Michael,
If it is six people shutting down the Normal Heights Node with P2P 
traffic, is this just a case of more monitoring of traffic? Should there 
be more network and system admin brought in to do monitoring of the 
traffic and ban people?

It seems like we have everything covered from a technical stand point 
but this seems to be a social engineering problem and enforcement of it.


Michael Mee wrote:
> Phil Karn wrote:
>> What do you do about this beyond making users agree to an acceptable use 
>> policy? Who owns the public IP addresses that they use? Has anybody ever 
>> been contacted by law enforcement about a Socalfreenet user, and were 
>> they reasonable or heavy handed about it? What about Speakeasy -- are 
>> they reasonable, or do they just cut you off?
> 
> A lot of great questions Phil. Below are the ones I can answer based on 
> actual experience:
> 
> We do have an acceptable use policy that people ostensibly agree to by 
> clicking through. It can be found at 
> http://socalfreenet.org/wirelesstou. We've never received legal advice 
> one about whether this actually helps. Some community wireless groups do 
> this, others don't bother. Note that there may be liabilities with 
> collecting more information and signups vs a completely hands off 
> approach. This topic comes up amongst groups who do have some legal 
> access, and the consensus seems to be that its never been tested in 
> court and noone really knows for sure. No such group has had a problem 
> that I'm aware of.
> 
> We've never been contacted by law enforcement (touch wood!).
> 
> We have been contacted by both Speakeasy and Cox (or perhaps Time 
> Warner?). Both have been very reasonable and worked with us to overcome 
> the problems they were seeing. In both cases they were concerned about 
> computers that were trojan infected. I've often thought that our traffic 
> loads would generate calls, but so far its always been specifically 
> about 'you have a computer that is virus infected and we need you to fix 
> it or we'll disconnect you until you do'. We respond by:
> 
> + adding a notice on the captive portal page asking people to check
> + adding a redirect to the captive portal to a page telling people how 
> to check their computer
> + where we could, we blocked the MAC of the offending computer
> + blocked port 25 in one case where it wasn't already by the ISP
> 
> The contact was never heavy handed. It was a tech person both times, 
> trying to get to a tech person on our side. They gave us at least 24 
> hours in both cases and we were able to resolve it to their satisfaction.
> 
> Random aside: we have blocked MAC addresses that we felt were abusing 
> the network. Meraki makes this particularly easy, and the user gets a 
> captive portal page with a custom message explaining why they are 
> blocked and what they can do about getting unblocked.
> 
> Note that in no case does SCFN own any feeds (except the one on my 
> street that I run). They're owned by the landlords who pay the monthly 
> bill who are fully informed about what we're doing. We've asked them 
> specifically about this issue and they're usually far less concerned 
> than we are.
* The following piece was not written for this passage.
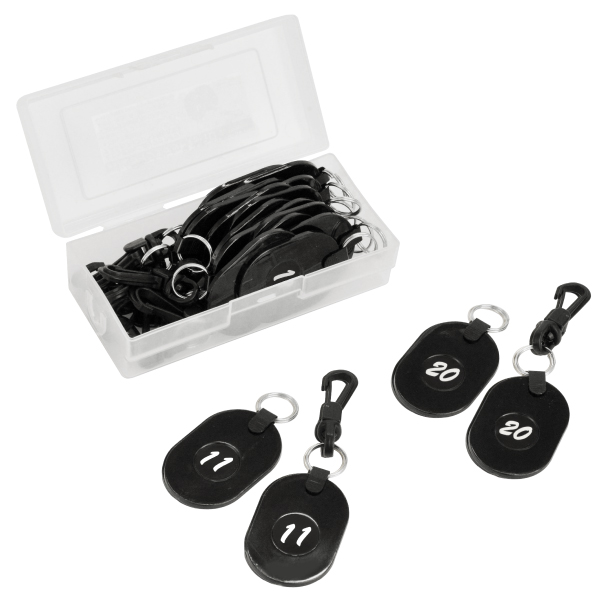 ナスかんタイプと二重リングタイプがペアになった、シンプルで便利な番号札。11〜20までのセットで、収納に便利な専用ケース付き。二重リングタイプには鍵やキーホルダーを取り付けられます。ナスかんタイプは引っ掛けて使うことができるので、細めの持ち手や取っ手、リュックや衣服のベルトループなどに簡単に取り付けられます。金具のない番号札は失くしそうで不安…という方にもおすすめの、紛失防止にも役立つ番号札です。預かり札や引換券としてはもちろん、飲食店や施設では呼び出し用の整理番号札として、ライブハウスやイベント会場でのクロークチケットとして、様々な場面でマルチに活躍します。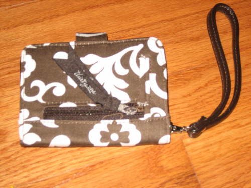 Approx: 3.5" H x 4.5" W x 1.5" Deatures: outside zipper pocket, magnetic closure, inside pockets (one larger with alphabetical cards and one flat), license holder, lobster claw wristlet.

Apparently they already live with concerns that any tenant 
> can trip over a crack in the sidewalk outside their building and sue 
> them and this is just another event their insurance will protect them from.
> 
> That said, I know that I and some of the other key people in SCFN feel 
> much better that we're now under the wing of the San Diego Computer 
> Society which has its own liability policy and exists as a legal entity 
> in its own right.
> 
> hope this helps!  There's lots more I could write, so please feel free 
> to respond if you have specific questions.
> 
> cheers, michael


-- 
--
Jason Murphy
[EMAIL PROTECTED]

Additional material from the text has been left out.